** INSTRUCTIONS TO FOLLOW **
Directions for the data below: repeat exactly the lines from the one with "Vụ nổ bình hơi" through the one with "The metadata for", both included, and omit all pictures.

** SUPPLIED ENTRIES **
——

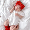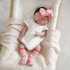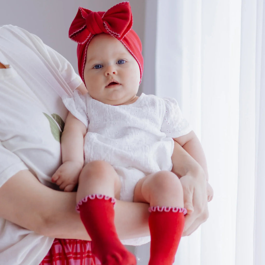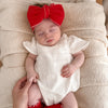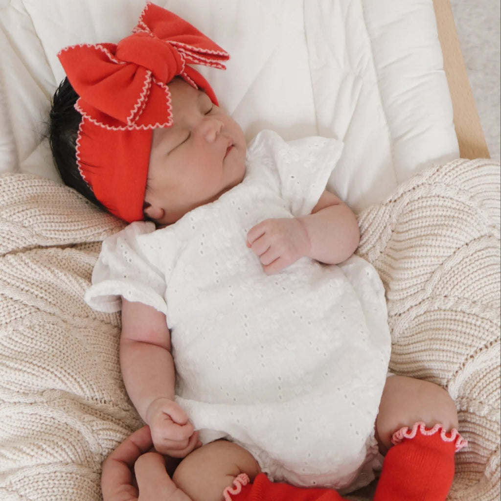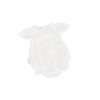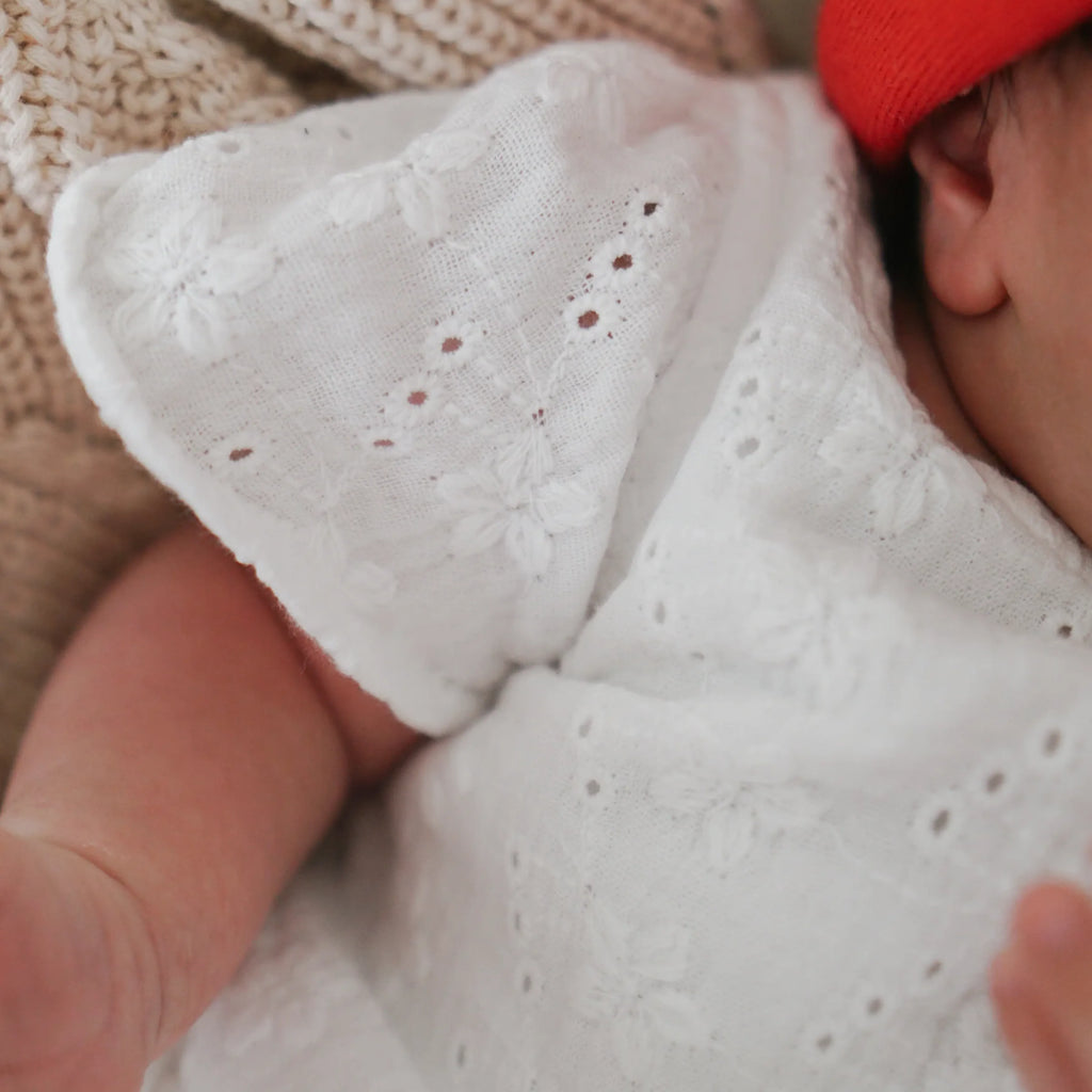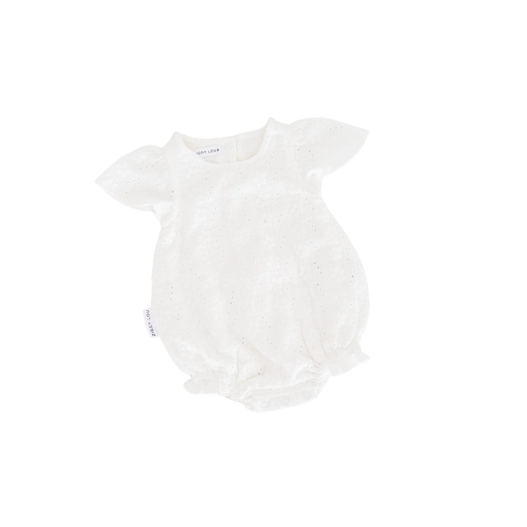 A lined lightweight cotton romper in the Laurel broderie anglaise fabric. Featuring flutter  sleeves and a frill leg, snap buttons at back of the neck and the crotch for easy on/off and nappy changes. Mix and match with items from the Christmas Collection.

——

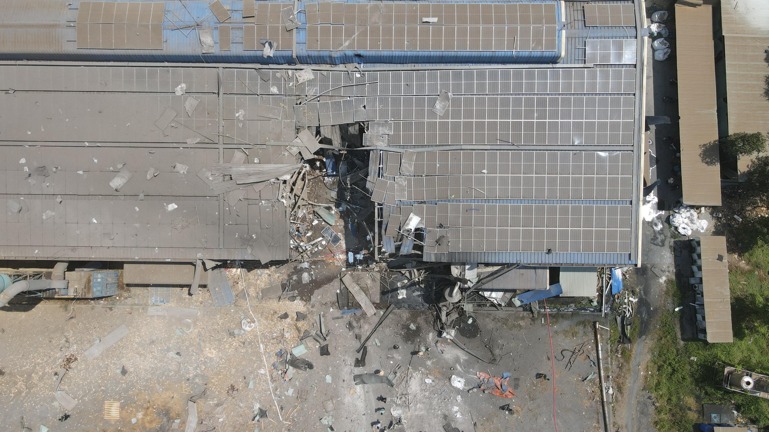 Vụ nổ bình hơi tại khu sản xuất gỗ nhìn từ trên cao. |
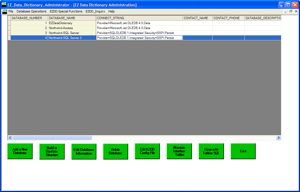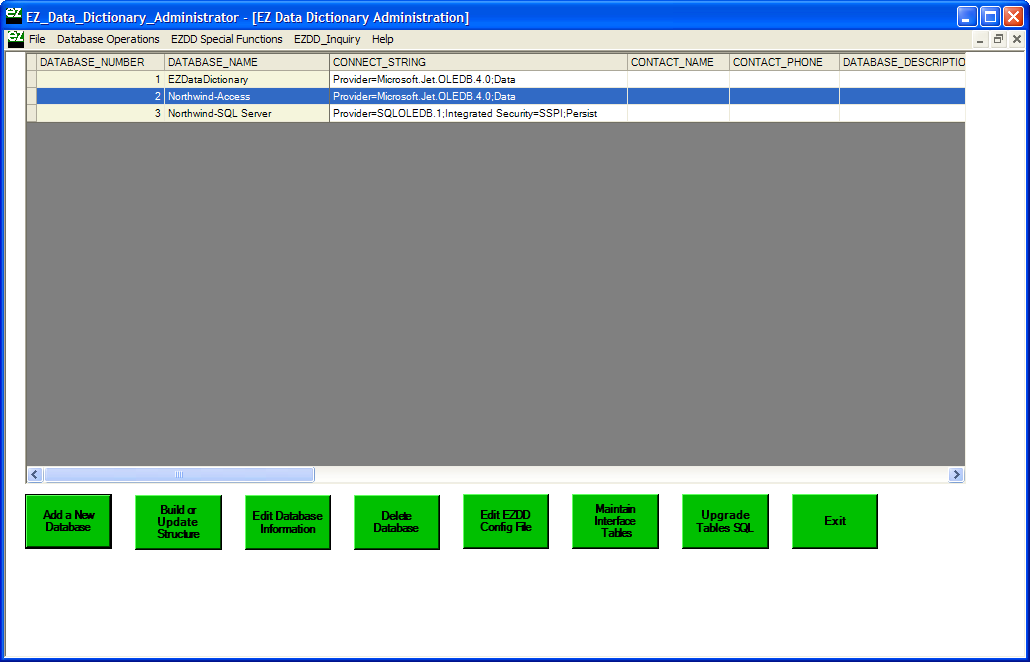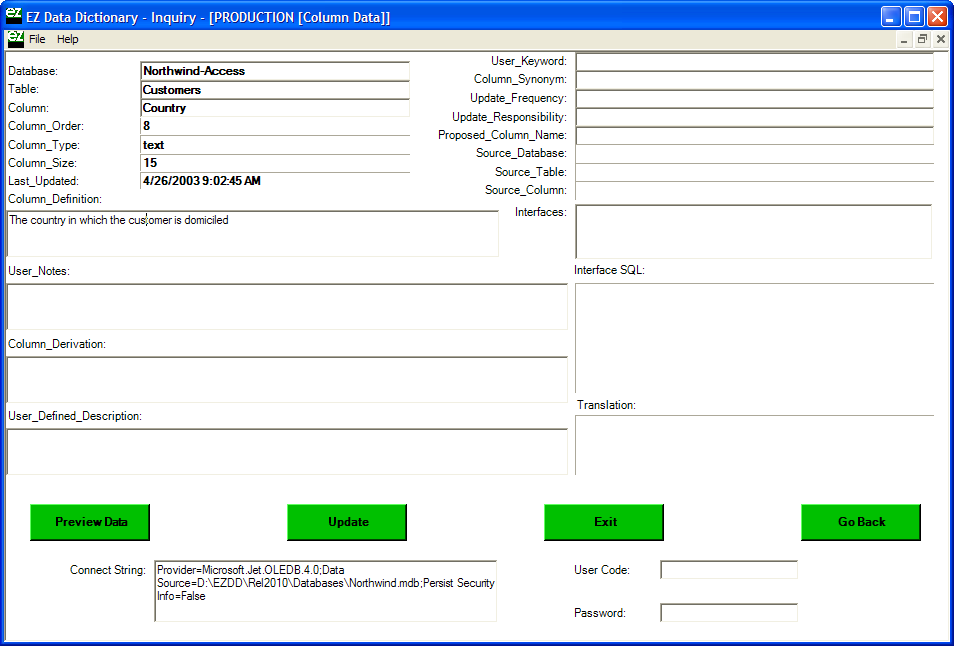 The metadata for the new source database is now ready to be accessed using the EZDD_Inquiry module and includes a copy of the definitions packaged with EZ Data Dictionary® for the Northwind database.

——

** EXPECTED ANSWER **
 Vụ nổ bình hơi tại khu sản xuất gỗ nhìn từ trên cao. |
 The metadata for the new source database is now ready to be accessed using the EZDD_Inquiry module and includes a copy of the definitions packaged with EZ Data Dictionary® for the Northwind database.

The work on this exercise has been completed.